China must prepare for the risks of being cut off from the US dollar payment system in case the United States sanctions Chinese companies and banks, just like Washington did with Russian institutions, a senior Chinese financial regulator said on Monday.

Fang Xinghai, a vice-chairman at the China Securities Regulatory Commission, said that as China mainly relies on the US dollar payment system in international deals, it makes it vulnerable to possible US sanctions.

“Such things have already happened to many Russian businesses and financial institutions. We have to make preparations early – real preparations, not just psychological preparations,” Fang said at a forum organized by Chinese media outlet Caixin.

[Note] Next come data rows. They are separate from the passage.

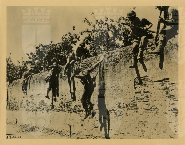 Soldati americani scalano un muro sotto il fuoco nemico
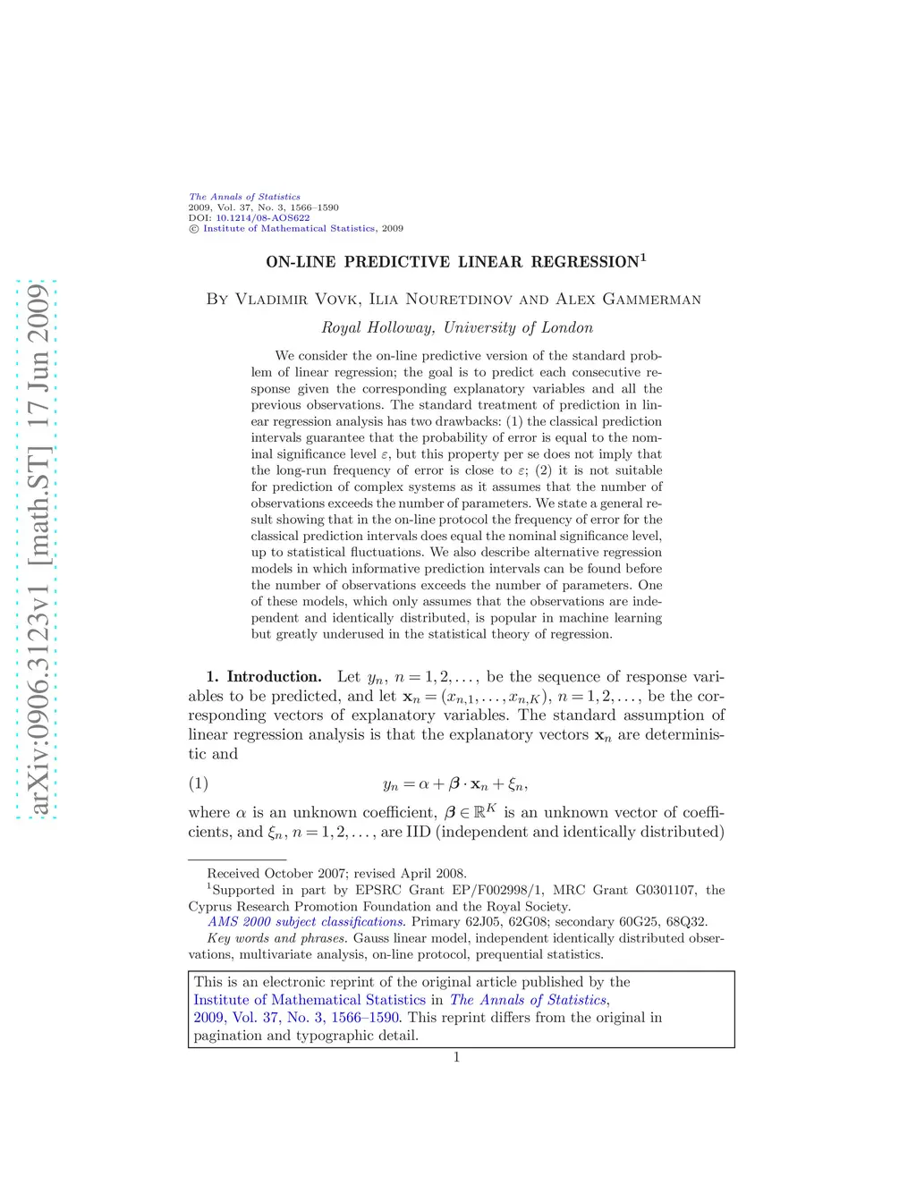 We consider the on-line predictive version of the standard problem of linear regression; the goal is to predict each consecutive response given the corresponding explanatory variables and all the previous observations. The standard treatment of prediction in linear regression analysis has two drawbacks: (1) the classical prediction intervals guarantee that the probability of error is equal to the nominal significance level , but this property per se does not imply that the long-run frequency of error is close to ; (2) it is not suitable for prediction of complex systems as it assumes that the number of observations exceeds the number of parameters. We state a general result showing that in the on-line protocol the frequency of error for the classical prediction intervals does equal the nominal significance level, up to statistical fluctuations. We also describe alternative regression models in which informative prediction intervals can be found before the number of observations exceeds the number of parameters. One of these models, which only assumes that the observations are independent and identically distributed, is popular in machine learning but greatly underused in the statistical theory of regression.
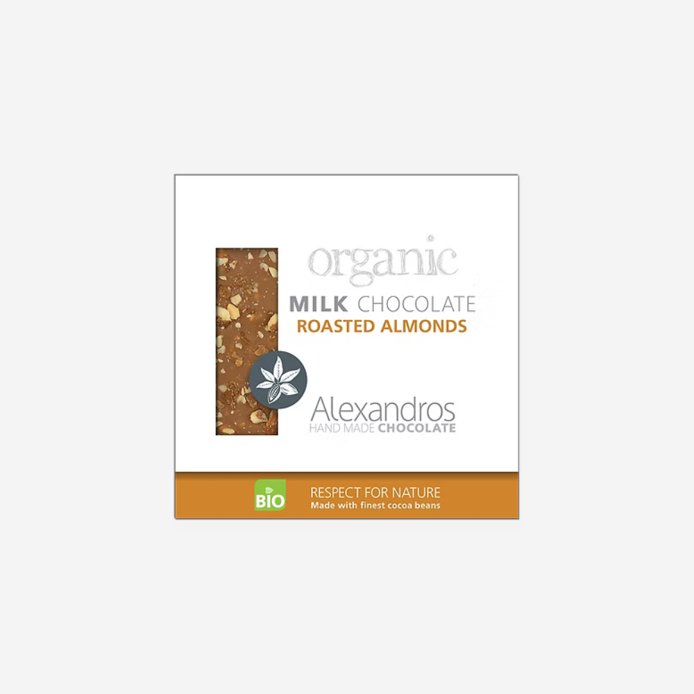 Eine perfekte Kombination aus Schokolade und Nüssen. Knusprig geröstete Bio-Mandeln tauchen in unsere hochwertige Milchschokolade ein und schon kann es losgehen.
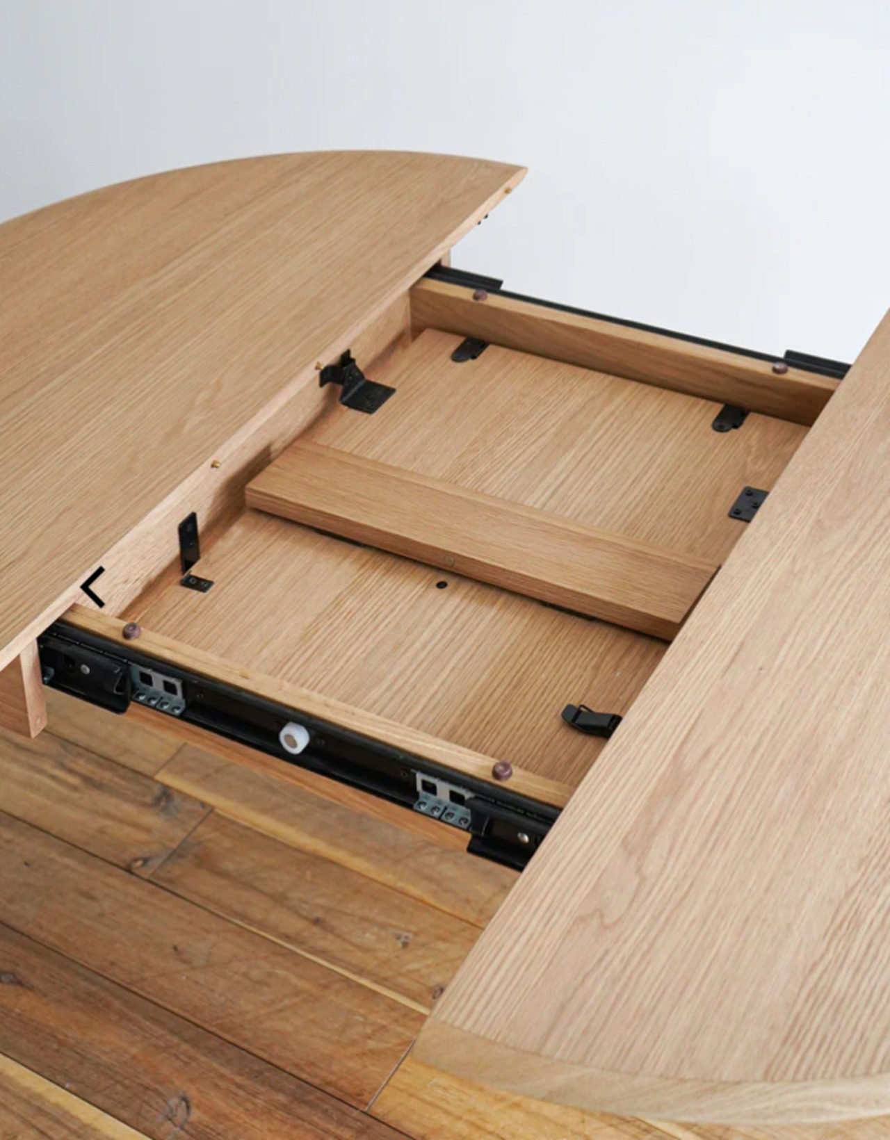 このダイニングテーブルの特徴は、簡単にサイズ調整ができること。
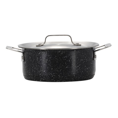 HotStone Cucina Dish, 36 oz., 6-3/4" dia. x 2-5/8" H, round, with cover, (2) 1" square riveted handles, induction bottom, oven safe up to 375°F, 18/8 stainless steel, Galaxy
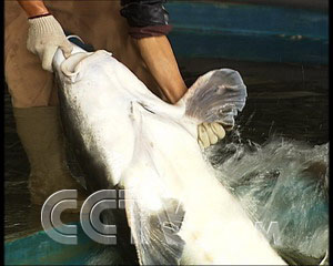 養(yǎng)殖戶:“像這一條魚有兩斤多重,在那個時候,兩三百元錢一斤的時候,這一條魚可以賣五六百元錢,真正稱為是水中的黃金,是軟黃金。”

Fang’s comment came at a time when Washington is pondering how far it should go to use the US dollar’s key role in international payment to punish Chinese individuals, companies and financial institutions for alleged involvement in issues such as Xinjiang and Hong Kong.

The US dollar payments system, which is underpinned by infrastructure such as the SWIFT international payments messaging system and the Clearing House Interbank Payments System (CHIPS), is the backbone for international trade and investment.

According to South China Morning Post, Fang’s speech showed that Beijing policymakers are factoring US financial sanctions as a realistic risk as being cut off from the US dollar system could seriously hinder an entity’s capabilities of conducting international business.

The risk, though, is seen to be low that China will be treated in the same way as Russia, after the US responded to numerous events, including the annexation of Crimea by Russia in 2014, South China Morning Post said on June 22.